Lower-than-projected growth could slow progress on poverty alleviation and potentially widen income disparities, making the achievement of SDG 1 and SDG 10 more difficult.

Trade Relations and SDG 17: Partnerships for the Goals

The economic outlook is closely tied to international trade dynamics, underscoring the importance of SDG 17 (Partnerships for the Goals). The upward revision of the IMEF forecast was linked to the postponement of U.S. tariffs on Mexican goods.

This situation demonstrates how interruptions and uncertainty in international trade partnerships can disrupt export flows and negatively impact the domestic economy. Stable and predictable trade relationships are therefore essential for creating an enabling environment for sustainable development.

Relevant Sustainable Development Goals (SDGs)

SDG 8: Decent Work and Economic Growth

  • The article’s primary focus is on the economic performance of Mexico, directly aligning with SDG 8, which aims to “promote sustained, inclusive and sustainable economic growth, full and productive employment and decent work for all.” The text extensively discusses Mexico’s economic growth rates, contractions, and forecasts, which are central to this goal.

Specific SDG Targets

Target 8.1: Sustain per capita economic growth

  • This target aims to sustain economic growth in accordance with national circumstances. The article directly addresses this by reporting on Mexico’s economic performance, including an expected annual growth of 0.1% in July, a month-over-month contraction of 0.1%, and a quarterly growth of 0.7%. It also presents various GDP growth forecasts from entities like the OECD (0.4%) and Citi (0.3%), all of which are measures of economic growth.

Target 8.2: Achieve higher levels of economic productivity

  • This target focuses on achieving economic productivity through diversification and focusing on different economic sectors. The article touches upon this by analyzing the performance of specific sectors. It notes a “slight moderation in the performance of the main groups of economic activities (secondary and tertiary)” and highlights that “secondary activities… remain in negative territory in their annual comparison.” Specifically, it states that the “industrial sector, a secondary economic activity, experienced a monthly contraction of 0.1%, as well as an annual decline of 1%.” This analysis of sectoral performance is directly related to measuring economic productivity.

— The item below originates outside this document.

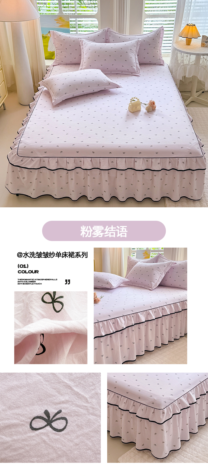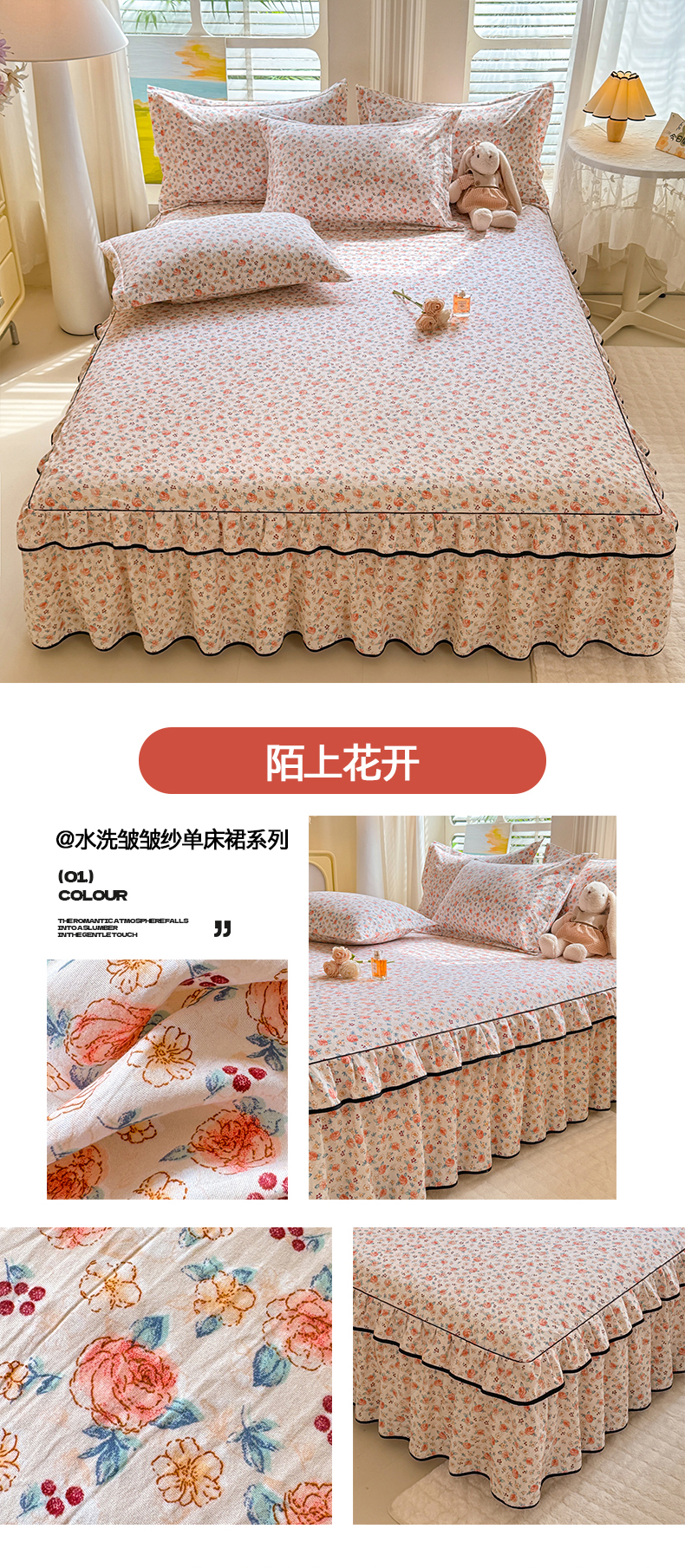 (总)优家居 2026新款A类水洗棉床裙单件三件套皱皱纱韩版公主风花边床罩直播爆款外贸定制,木槿花,一口葡萄,欧若拉,小苍蓝,梦华录,海棠花颂,爱心蝴蝶结,巴宝格-咖,豹纹-咖,蝶舞芳华,繁花似锦,粉色猫猫,粉雾结语,花花田园,莓好时光,秘园絮语,陌上花开,紫雾花园

Indicators for Measuring Progress

Indicator 8.1.1: Annual growth rate of real GDP per capita

  • The article provides numerous data points that are components of this indicator. While it doesn’t specify “per capita” growth, it is filled with real GDP growth figures, such as “0.1% annually in July,” a “month-on-month decrease of 0.2% in March,” and quarterly growth of “0.7%.” These statistics are the primary measures used to track progress toward Target 8.1.

Indicator 8.2.1: Annual growth rate of real GDP per employed person

  • Although the article does not mention employment figures, it implies this indicator by discussing the performance and productivity of different economic sectors. The mention of the industrial sector’s “annual decline of 1%” is a direct measure of the output of a major economic activity group. This sectoral performance data is crucial for assessing economic productivity, which is the core of this indicator.

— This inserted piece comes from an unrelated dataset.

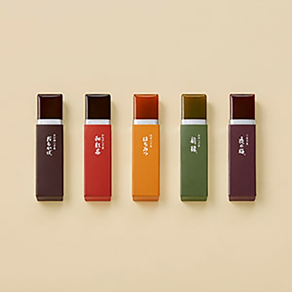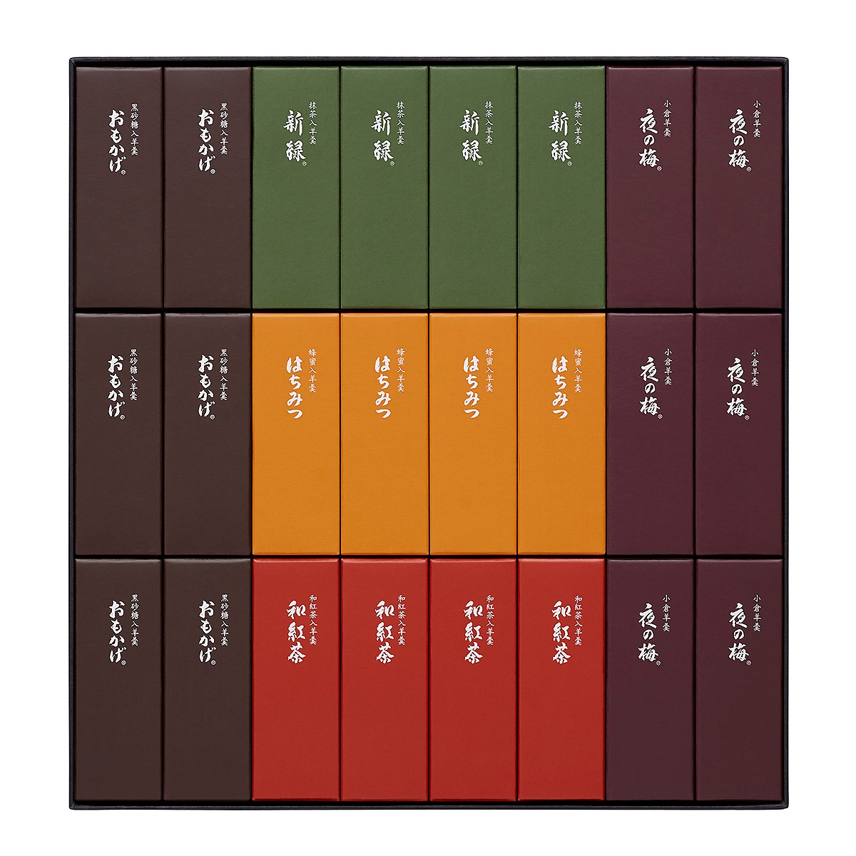 小形羊羹:小倉羊羹『夜の梅』、黒砂糖入羊羹『おもかげ』各50g×各6本、抹茶入羊羹『新緑』、蜂蜜入羊羹『はちみつ』、和紅茶入羊羹『和紅茶』各50g×各4本

Summary Table of SDGs, Targets, and Indicators

SDGs Targets Indicators
SDG 8: Decent Work and Economic Growth Target 8.1: Sustain per capita economic growth in accordance with national circumstances. Indicator 8.1.1 (Implied): Annual growth rate of real GDP. The article cites multiple GDP figures, such as “0.1% annually,” “-0.1% month-over-month,” and various forecasts (0.4%, 0.3%).
SDG 8: Decent Work and Economic Growth Target 8.2: Achieve higher levels of economic productivity through diversification and innovation. Indicator 8.2.1 (Implied): Annual growth rate of real GDP per sector. The article mentions the performance of “secondary and tertiary” activities and the “annual decline of 1%” in the industrial sector.